The couscous takes the longest, so I started there. A tablespoon of olive oil went into a nine-inch skillet over medium heat. Once hot, it was joined by one small onion and four large cloves of garlic diced. Salt well to help the onion sweat. Saute until the onion is tender, three to four minutes.

Once the onion is tender, one cup of pearl couscous (whatever kind you have works), two and half cups of vegetable broth, and generous sprinkles of cumin, white pepper, and black pepper join the onion and garlic in the skillet. Reduce the heat to medium-low and bring to a slow boil for twelve minutes.

Remove from the heat and stir in one cup of black currants. Cover and let rest five minutes. Fluff well with a fork to separate.

Once the couscous was started, I went to work on the lentils. Again, a tablespoon of olive oil went into a nine-inch skillet over medium heat. Once hot, it was joined by one small onion and three large cloves of garlic diced. Salt well to help the onion sweat. Saute until the onion is tender, three to four minutes.

Once the onion is tender, one cup of lentils, two and a half cups of vegetable broth, and generous sprinkles of cumin, coriander, cinnamon, white pepper and black pepper join the onion and garlic in the skillet. Reduce heat to medium and bring to a boil for fifteen minutes or so until the liquid is absorbed and the lentils are tender. You may need to add some more broth if the liquid absorbs before the lentils are tender.

Meanwhile, while the sides were simmering nicely, I prepared the scallops. First they were rinsed and patted dry. Then a spice mixture made up of cinnamon, coriander, cumin, salt, white pepper and black pepper was sprinkled on both sides. Be generous, some will be lost in the cooking process. Noticing a pattern?? I try to bring similar flavors to all of the elements of a meal.

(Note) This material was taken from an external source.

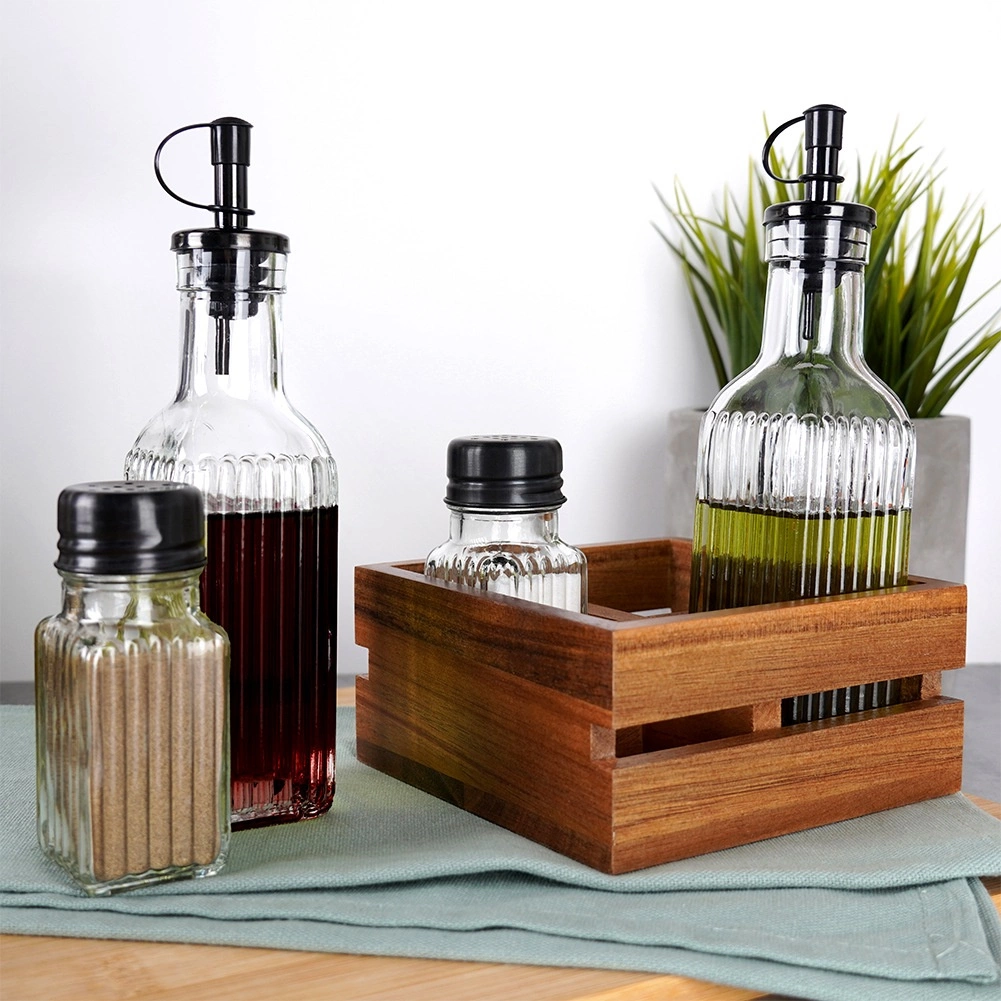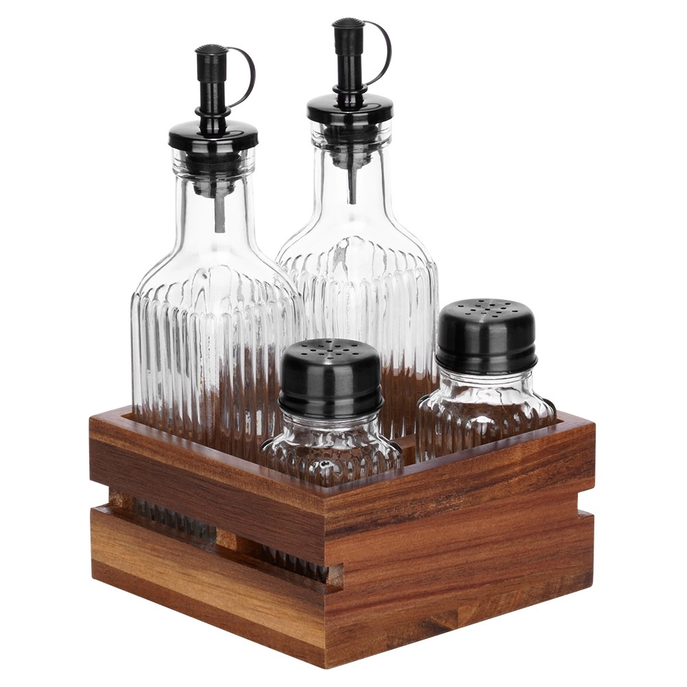 Ryhované sklo zvyšuje odolnost a jistotu úchopu, akáciový stojan udržuje všechny čtyři nádoby přehledně na jednom místě a zajišťuje snadné přenášení.

This time, a tablespoon of olive oil went into a seven-inch skillet over medium-high heat. Yes, at this point all of my skillets are on the stove top! The scallops only take about five minutes, so you want to wait until the couscous and lentils are almost done until they go in the skillet.

The scallops go into the skillet and cook two and a half minutes per side until just opaque in the center. After two and a half minutes per side over medium-high heat on my stove top, the scallops were PERFECT! Although, this may need to be adjusted depending on your stove top.  I was nervous cooking the scallops because this was my first time making them at home, but they were amazing!

Once plated, our meal was joined by two glasses of Niagara wine from a local winery. All that was left was to enjoy! Our trip to Morocco, via food, was fabulous!